Das Dirndl als „jüdisches Nationalkostüm“?

Elastischer war die „Volksseele“ in Bezug auf die Trachten freilich in der Zeit des Nationalsozialismus. Dass die Trachtenforscher mit eindeutig nationalsozialistischer Gesinnung und Nähe zum SS-„Ahnenerbe“ Heinrich Himmlers die Trachten in den Jahren 1938 bis 1945 uminterpretierten und, wie etwa Gertrud Pesendorfer im benachbarten Tirol, des katholischen Kontextes entkleideten, hält sich bis in die Gegenwart: Die enge Taille bei der Tracht und die kurzärmelige Bluse, die den Unterarm der Frau freigibt, ist eine dieser Entwicklungen aus der Nazi-Zeit. Trachten hätten sich „einerseits unter dem kirchlichen Einfluss, andererseits durch Vermengung mit städtisch-modischen Formen verdüstert“, schrieb Pesendorfer etwa in ihrem Aufsatz „Zu unserer Trachtenarbeit“ im Jahr 1943.

Im Sommer des Jahres 1938 veröffentlichte die „Gebirgs- und Volks-Trachten-Zeitung“ den Erlass der Polizeidirektion Salzburg, dass „Juden im Bereiche der Polizeidirektion Salzburg das öffentliche Tragen von alpenländischen (echten oder unechten) Trachten wie Lederhosen, Joppen, Dirndkleidern, weißen Wadenstutzen, Tirolerhüten usw.“ verboten sei. Angefügt war dieser Verordnung ein Kommentar des Heimatforschers und späteren Mitbegründers des „Salzburger Heimatwerkes“ Kuno Brandauer, der meinte, die Verfügung würde „zweifellos von allen Kreisen begrüßt, die es seit Langem hinnehmen hatten müssen, dass z. B. das Dirndl geradezu als jüdisches Nationalkostüm“ erschienen sei.
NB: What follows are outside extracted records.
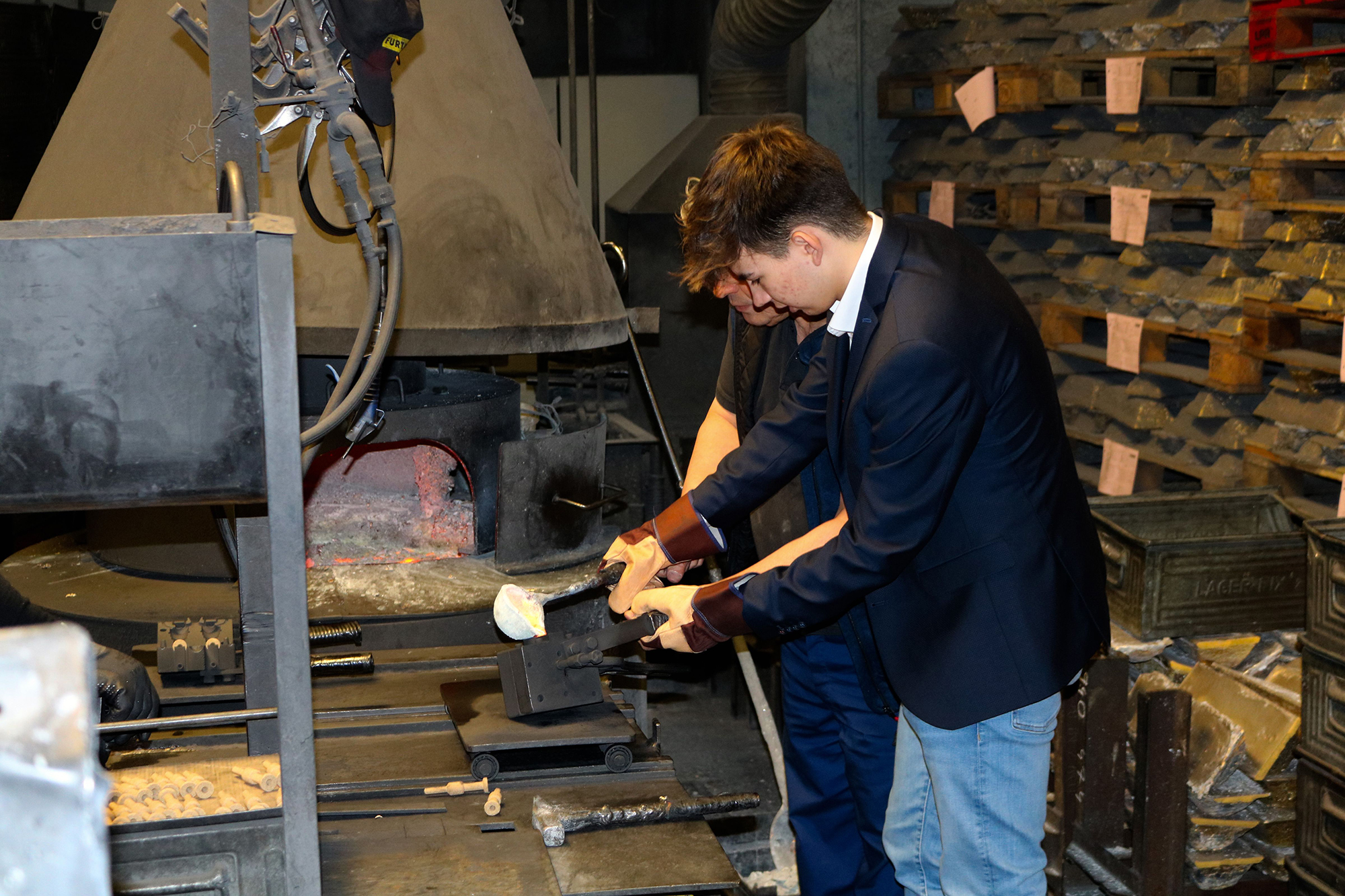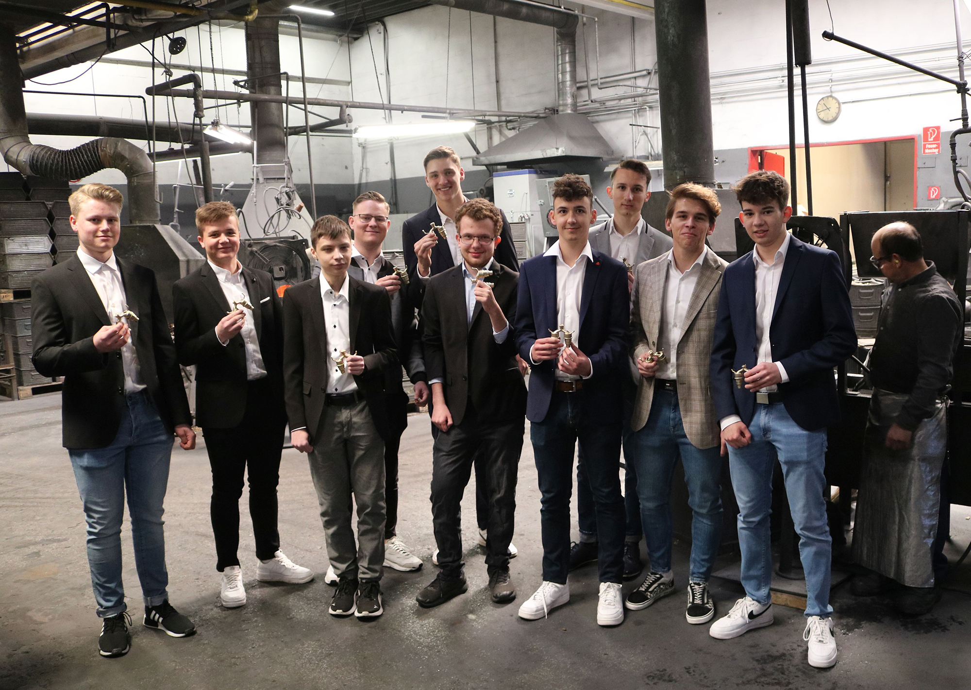 Ein Mitarbeiter und Absolvent der HTL Pinkafeld führte die Schülergruppe durch den Betrieb, zeigte ihnen die Produktionsschritte zur Herstellung von Armaturen und führte anhand konkreter Beispiele eine kurze Hydraulikschulung durch. Ein Höhepunkt dabei war, dass die Schüler eine Armatur selbst gießen und zur Erinnerung an den Firmenbesuch mitnehmen durften.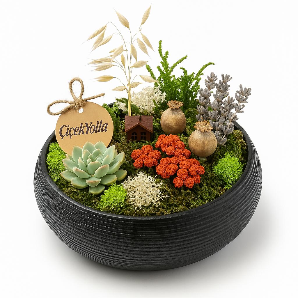 Bu minyatür bahçe, minik bir ev ile birlikte canlı renkler ve doğal bitkiler arasındaki uyumu yakalarak, bulunduğu her ortamda sakin ve huzurlu bir atmosfer yaratır. Kurutulmuş çiçekler, yosunlar ve doğal taşlar ile süslenen bu aranjman, ev dekorasyonu için ideal bir tercih sunuyor.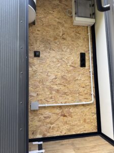 Elektraleidingen worden in een pvc mantelbuis in het sandwichpaneel en/of in de koof afwerking van de stalenportalen opgenomen.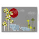 Whimsical Elephant Family in Forest & Red Sun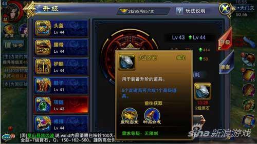 另一方面,装备升阶需要【皮料】及【原石】。材料的获取途径可以通过点击材料图标看到。进行第一次进阶的时候,玩家需要收集一级皮料和一级原石,这些材料就在皇陵密室、封魔帖、野外打怪、钱庄当中能够大量的产出。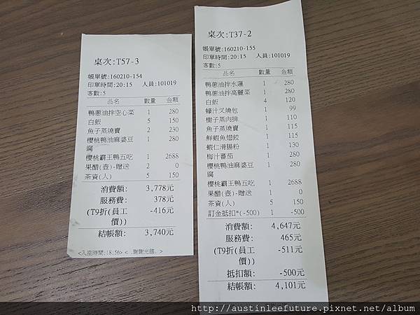其實 2月21日晚間我們一家要給家母過生日,在餐廳的選擇上我也問了家父,畢竟之前靓紅樓總監說要是再度前往他會親自全程服務,我向家父提議要不要再給靓紅樓一次機會,家父回應:『烤鴨又不是只有這一家,這樣貴服務態度又這樣,沒有必要再去』。因此 2月21日晚間我們一家是訂了宜蘭市在地的得意樓餐廳,櫻桃烤鴨二吃一套的價位是 980元,五人用餐加上點菜最後總價是兩千多元,這一篇日後也會有實際的分享文提供

Brandauer war in der Zwischenkriegszeit eine der führenden Figuren im Salzburger Landestrachtenverband. Für die Erneuerung der Salzburger Trachten hatte er die Vorbilder in helleren Modellen des Barock und Rokoko suchen lassen. Als frühes Mitglied der NSDAP (Mitgliedschaft 1931) hatte er sich schon länger für ein Trachtenverbot für Juden ausgesprochen (auch, dass Juden keine deutschen Vornamen tragen dürften). Nach dem Krieg wurde ihm im Amt der Salzburger Landesregierung eine Stelle zur Heimatpflege eingerichtet, die von Brandauer geleitet wurde.

Erst im Jahr 2011 entschied sich das Land Salzburg, die Kuno-Brandauer-Medaille als höchste Auszeichnung des Landes Salzburg für die Heimatpflege nach Diskussionen über die Vergangenheit Brandauers und sein Mitwirken am propagandistischen „Amt Rosenberg“ und dem „SS-Ahnenerbe“ nicht mehr zu vergeben.